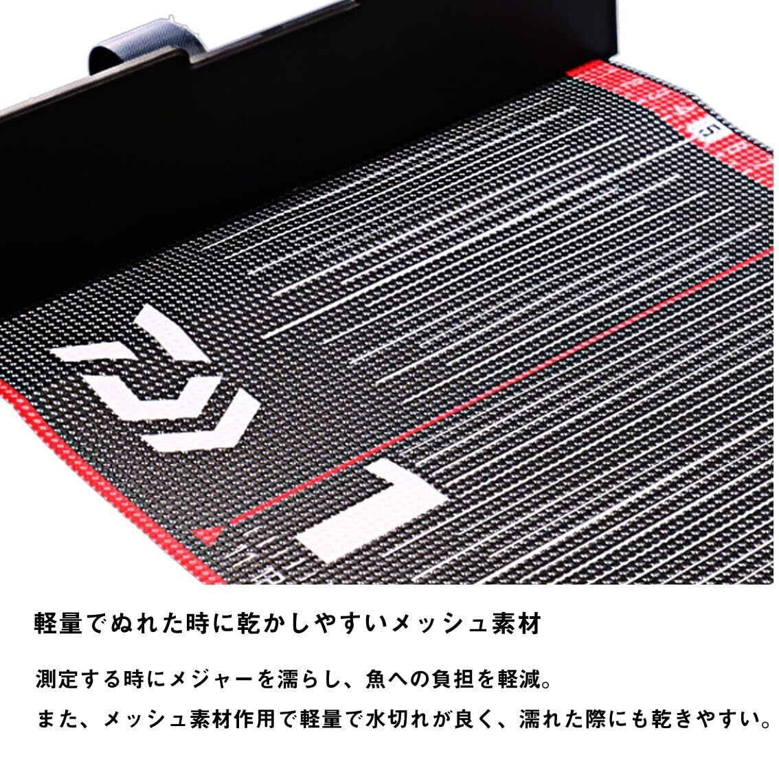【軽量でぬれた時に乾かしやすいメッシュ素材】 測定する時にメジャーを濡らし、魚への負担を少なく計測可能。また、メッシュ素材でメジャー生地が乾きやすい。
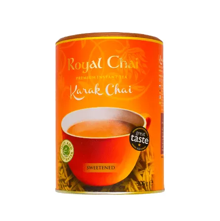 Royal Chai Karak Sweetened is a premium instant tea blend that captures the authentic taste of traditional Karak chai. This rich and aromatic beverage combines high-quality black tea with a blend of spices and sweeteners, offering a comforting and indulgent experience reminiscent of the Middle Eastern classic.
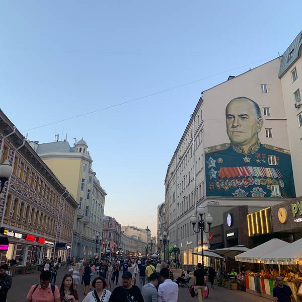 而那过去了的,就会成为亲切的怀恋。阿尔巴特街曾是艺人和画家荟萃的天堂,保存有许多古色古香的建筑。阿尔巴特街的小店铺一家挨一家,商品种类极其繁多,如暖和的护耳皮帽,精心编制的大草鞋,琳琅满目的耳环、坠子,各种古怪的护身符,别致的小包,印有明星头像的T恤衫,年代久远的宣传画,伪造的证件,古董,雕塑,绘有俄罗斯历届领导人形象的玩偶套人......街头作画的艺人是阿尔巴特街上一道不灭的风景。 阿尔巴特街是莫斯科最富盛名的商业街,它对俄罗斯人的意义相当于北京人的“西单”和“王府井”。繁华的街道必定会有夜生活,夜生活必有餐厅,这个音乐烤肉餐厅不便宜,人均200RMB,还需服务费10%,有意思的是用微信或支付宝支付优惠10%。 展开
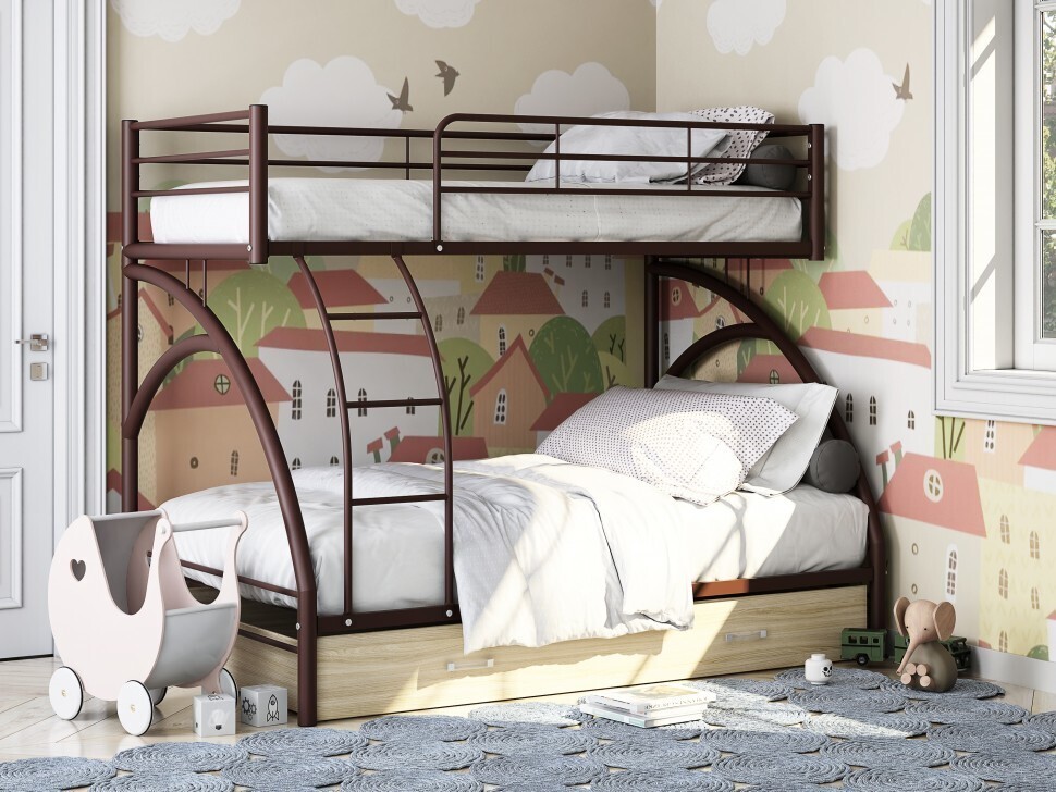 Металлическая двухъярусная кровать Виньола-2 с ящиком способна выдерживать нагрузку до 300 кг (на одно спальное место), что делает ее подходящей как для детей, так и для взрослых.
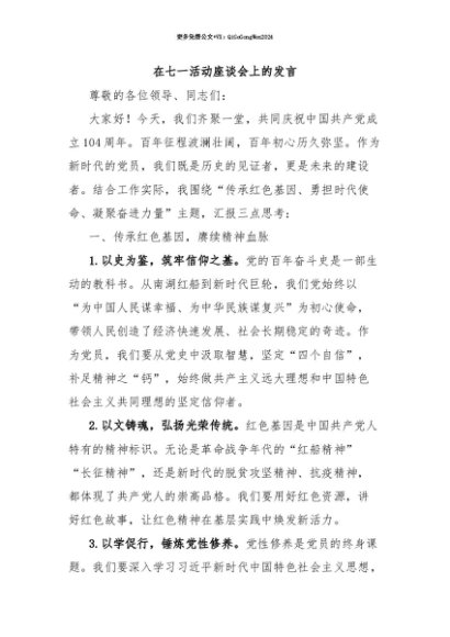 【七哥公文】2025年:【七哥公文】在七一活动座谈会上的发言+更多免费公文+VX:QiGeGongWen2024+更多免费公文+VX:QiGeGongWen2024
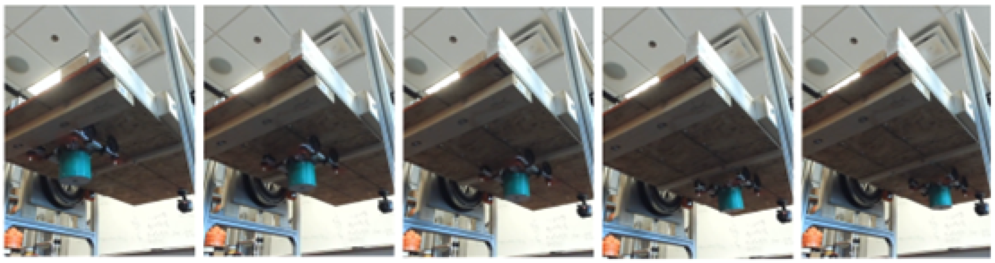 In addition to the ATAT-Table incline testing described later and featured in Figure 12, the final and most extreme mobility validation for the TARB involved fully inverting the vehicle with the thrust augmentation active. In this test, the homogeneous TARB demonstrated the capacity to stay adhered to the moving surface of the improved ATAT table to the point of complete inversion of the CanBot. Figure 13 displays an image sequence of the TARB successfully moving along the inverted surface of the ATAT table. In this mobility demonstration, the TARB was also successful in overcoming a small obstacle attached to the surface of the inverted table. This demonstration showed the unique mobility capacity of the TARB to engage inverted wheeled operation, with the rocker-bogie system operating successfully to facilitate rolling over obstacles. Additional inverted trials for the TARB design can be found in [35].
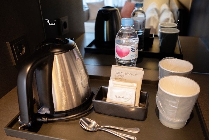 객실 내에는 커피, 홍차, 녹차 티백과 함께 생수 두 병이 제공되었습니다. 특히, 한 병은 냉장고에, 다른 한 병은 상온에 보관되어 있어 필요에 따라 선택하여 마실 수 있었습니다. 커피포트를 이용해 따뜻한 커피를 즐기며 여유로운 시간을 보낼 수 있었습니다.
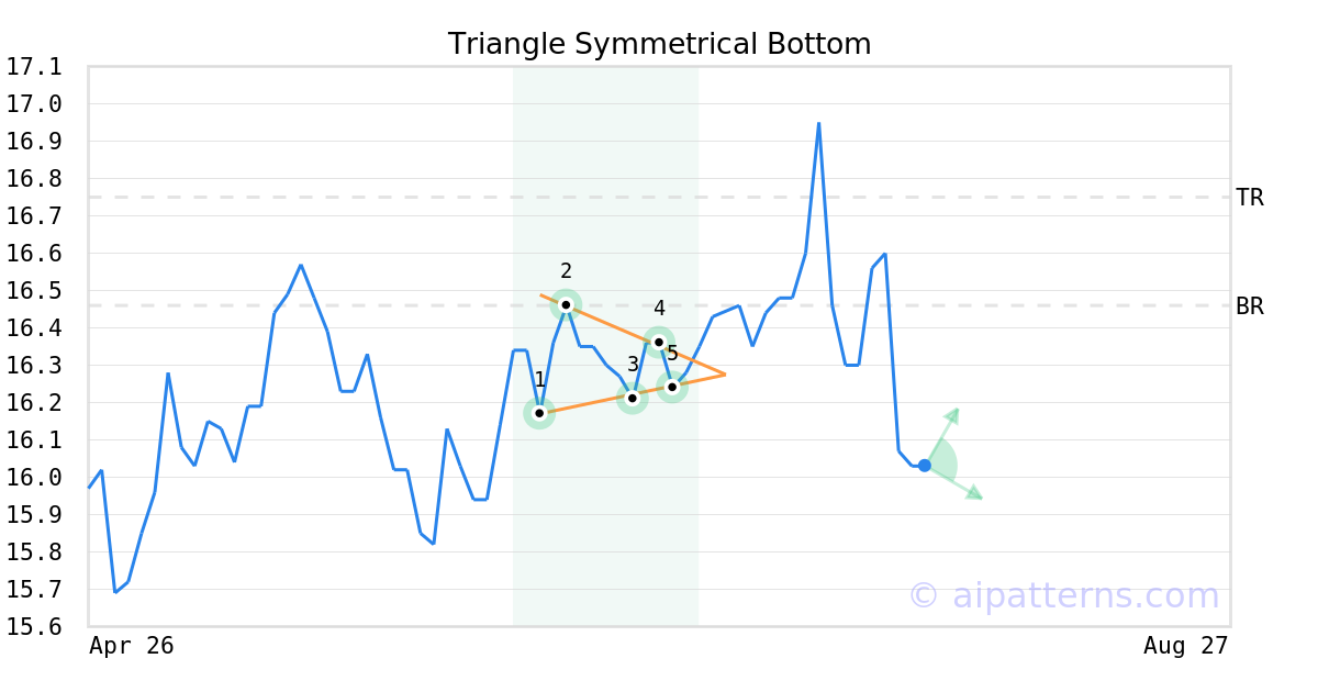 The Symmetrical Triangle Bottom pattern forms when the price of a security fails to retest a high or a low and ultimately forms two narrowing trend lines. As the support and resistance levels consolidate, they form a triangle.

════════

Produce a verbatim copy of every entry, excluding pictures.

Reply:
【軽量でぬれた時に乾かしやすいメッシュ素材】 測定する時にメジャーを濡らし、魚への負担を少なく計測可能。また、メッシュ素材でメジャー生地が乾きやすい。
 Royal Chai Karak Sweetened is a premium instant tea blend that captures the authentic taste of traditional Karak chai. This rich and aromatic beverage combines high-quality black tea with a blend of spices and sweeteners, offering a comforting and indulgent experience reminiscent of the Middle Eastern classic.
 而那过去了的,就会成为亲切的怀恋。阿尔巴特街曾是艺人和画家荟萃的天堂,保存有许多古色古香的建筑。阿尔巴特街的小店铺一家挨一家,商品种类极其繁多,如暖和的护耳皮帽,精心编制的大草鞋,琳琅满目的耳环、坠子,各种古怪的护身符,别致的小包,印有明星头像的T恤衫,年代久远的宣传画,伪造的证件,古董,雕塑,绘有俄罗斯历届领导人形象的玩偶套人......街头作画的艺人是阿尔巴特街上一道不灭的风景。 阿尔巴特街是莫斯科最富盛名的商业街,它对俄罗斯人的意义相当于北京人的“西单”和“王府井”。繁华的街道必定会有夜生活,夜生活必有餐厅,这个音乐烤肉餐厅不便宜,人均200RMB,还需服务费10%,有意思的是用微信或支付宝支付优惠10%。 展开
 Металлическая двухъярусная кровать Виньола-2 с ящиком способна выдерживать нагрузку до 300 кг (на одно спальное место), что делает ее подходящей как для детей, так и для взрослых.
 【七哥公文】2025年:【七哥公文】在七一活动座谈会上的发言+更多免费公文+VX:QiGeGongWen2024+更多免费公文+VX:QiGeGongWen2024
 In addition to the ATAT-Table incline testing described later and featured in Figure 12, the final and most extreme mobility validation for the TARB involved fully inverting the vehicle with the thrust augmentation active. In this test, the homogeneous TARB demonstrated the capacity to stay adhered to the moving surface of the improved ATAT table to the point of complete inversion of the CanBot. Figure 13 displays an image sequence of the TARB successfully moving along the inverted surface of the ATAT table. In this mobility demonstration, the TARB was also successful in overcoming a small obstacle attached to the surface of the inverted table. This demonstration showed the unique mobility capacity of the TARB to engage inverted wheeled operation, with the rocker-bogie system operating successfully to facilitate rolling over obstacles. Additional inverted trials for the TARB design can be found in [35].
 객실 내에는 커피, 홍차, 녹차 티백과 함께 생수 두 병이 제공되었습니다. 특히, 한 병은 냉장고에, 다른 한 병은 상온에 보관되어 있어 필요에 따라 선택하여 마실 수 있었습니다. 커피포트를 이용해 따뜻한 커피를 즐기며 여유로운 시간을 보낼 수 있었습니다.
 The Symmetrical Triangle Bottom pattern forms when the price of a security fails to retest a high or a low and ultimately forms two narrowing trend lines. As the support and resistance levels consolidate, they form a triangle.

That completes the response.